Together, they probably account for more than 40,000 men, according to Israeli estimates, though Palestinian officials refuse to say more than that the ordinary police number is 16,000, only 10 percent of whom are armed, they claim.

This clearly exceeds the numbers of 30,000 men allowed under the Israeli-Palestinian peace accords signed in 1995, which permits the Palestinians to create only "a strong police force." Israeli officials also complain that the Palestinian Authority has not kept its pledge to collect illegal weapons, held by individuals. Israeli Army officials estimate Palestinians hold 40 percent more than the 15,000 light personal weapons, such as pistols and rifles permitted under the accord.

Moreover, Israelis say, weapons under the agreement must be kept in the hands of regular security forces.

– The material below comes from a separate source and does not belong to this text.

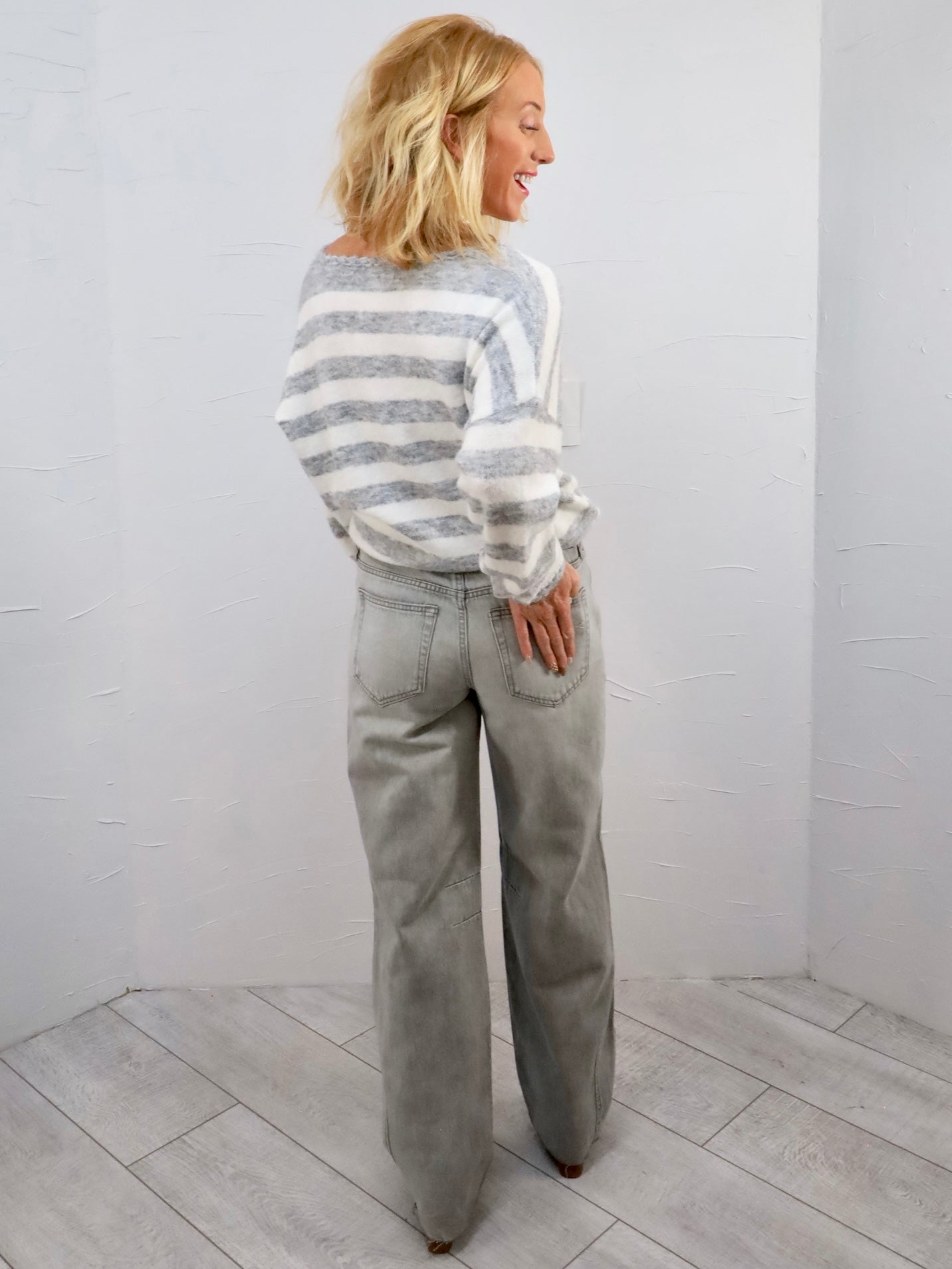 The ideal boyfriend-style denim can be found in the perfect color for the current season. Gray is a must-have for your wardrobe this year, so add it to your cart and keep your closet up-to-date for fall.

Weapons in militia hands, like tanzim, are thus illegal.

The greatest threat to Israel's security, however, should the peace process come to a halt, would probably not come from the publicly armed men who display, and use, their weapons on the streets of Ramallah and other Palestinian towns.

Rather, say Israeli and Palestinian security officials alike, suicide bombers from the radical Islamic movements Hamas and Islamic Jihad, who killed scores of Israelis in explosions in 1995 and 1996, pose the real danger.

Over the past three years, Palestinian security forces have cooperated with the Israelis to keep Hamas in check, jailing many of its leaders and bombmakers. Last week, however, they released a number of Islamic political prisoners from Gaza jails, as Arafat sought to broaden his popular support during the current crisis.

"There was cooperation ... but the Israelis wanted us to cooperate to serve only their interests," complains General Tantesh. "Barak wants to use us as a tool to protect his security; that won't happen."

"After all these casualties," adds Barghouti in what sounds like a veiled threat, "I doubt the police will control the situation. It is a very appropriate time for Hamas to start their attacks."

At the same time, he says, Palestinians have seen how Hizbullah (Islamic Party of God) guerrillas in southern Lebanon, constantly harrying and ambushing Israeli occupying soldiers over the past 15 years, forced them to pull out earlier this year.

"In principle, our strategy is not to use guns, to keep the intifadah [1980s uprising against Israeli occupation] peaceful," insists Barghouti. "But sometimes not everything is under control. Under pressure, under fire, the Israelis withdrew from Lebanon ... you cannot ignore that experience, and the young people are under the influence of the Lebanon model."